A number of limitations to this study must be considered when interpreting results. The cross-sectional nature of the data limits the ability to draw causal inferences. The survey was only conducted in English, and only residents with telephone land-lines were sampled, thus limiting the representativeness of the sample. Furthermore, IPV may have been under-reported in the sample given the highly sensitive nature of the issue. In public health research, researchers are often interested in individuals at highest risk because such exploration presents key opportunities for the design of interventions. We dichotomized our social capital and neighborhood characteristic variables because we were interested in such thresholds of risk. Our use of dichotomized variables may have led to a loss of information in the sense that we may have missed associations. If we had used continuous variables, we may have learned that the associations are linear and not based on a threshold. However, our use of dichotomous variables representing high risk categories was justified given our interest in these risk thresholds, and that our data are representative of the city population, as opposed to being reflective of a specialized group (e.g., low income women). General methodological limitations to neighborhood research also apply to this study, including the subjectivity of the definition of neighborhood, and lack of consideration of compositional effects that may determine residency in certain neighborhoods.

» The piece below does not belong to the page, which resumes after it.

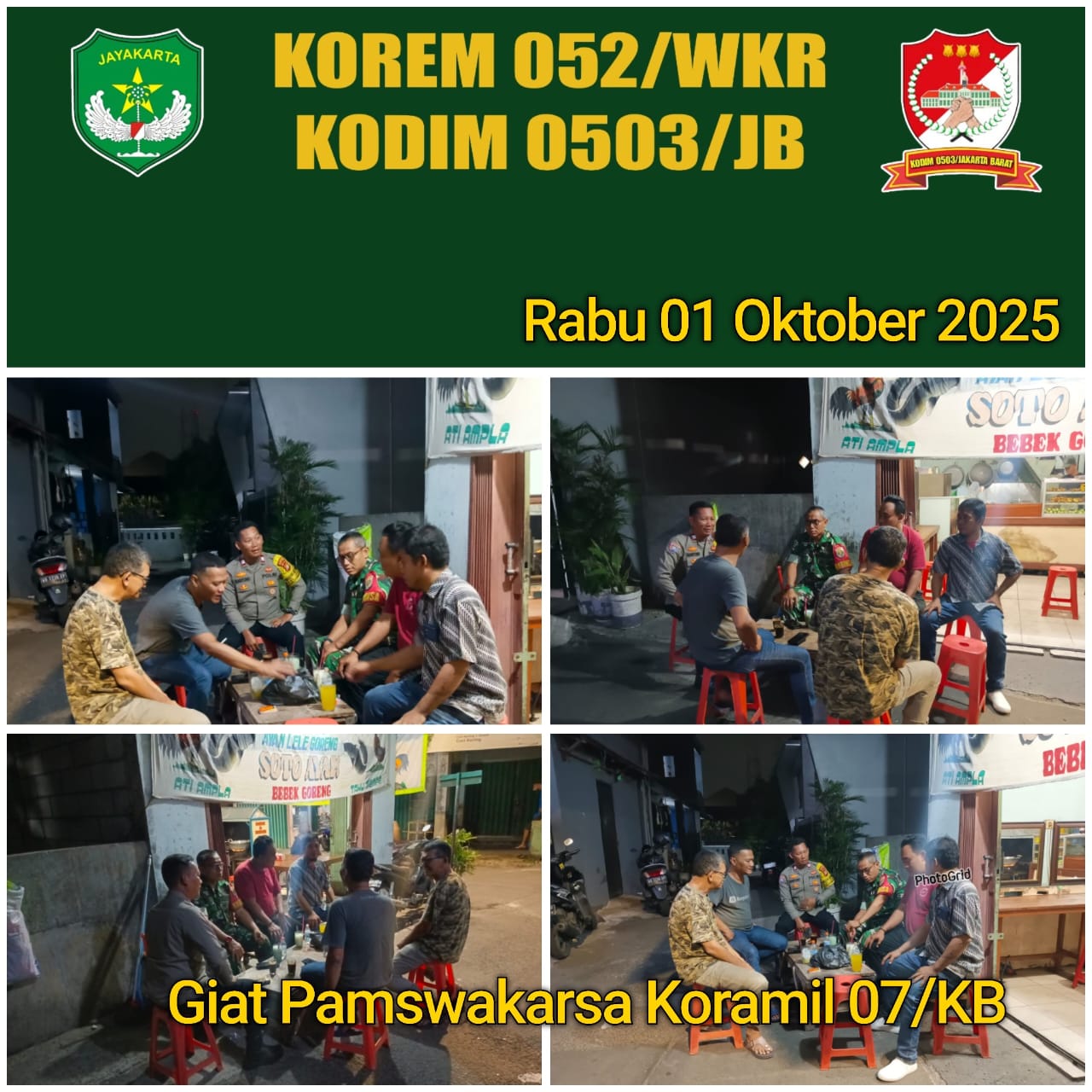 DetikSR.id Kodam Jaya Jakarta – Babinsa Koramil 07/KB, Serka Mustaqim, bersama Bimas dan warga setempat, melaksanakan pemantauan Siskamling (Sistem Keamanan Lingkungan) sebagai bagian dari PAM (Pengamanan) Swakarsa di Pos RT 012/06, Jl. Haji Husein, RT 012/06, Kelurahan Joglo, Kecamatan Kembangan, Jakarta Barat, pada Rabu malam (1 Oktober 2025).

Overall, study findings highlight the importance of examining social capital and contextual characteristics at multiple levels; that is, both social network- and neighborhood-level factors are relevant for different types of IPV. Future work in this area should also pay greater attention to gender differences given the prevalence of IPV among both women and men in the sample. Analyses such as these can inform the development of community-based interventions to address complex social network- and neighborhood-level contextual factors related to IPV in an effort to prevent and reduce this serious public health problem.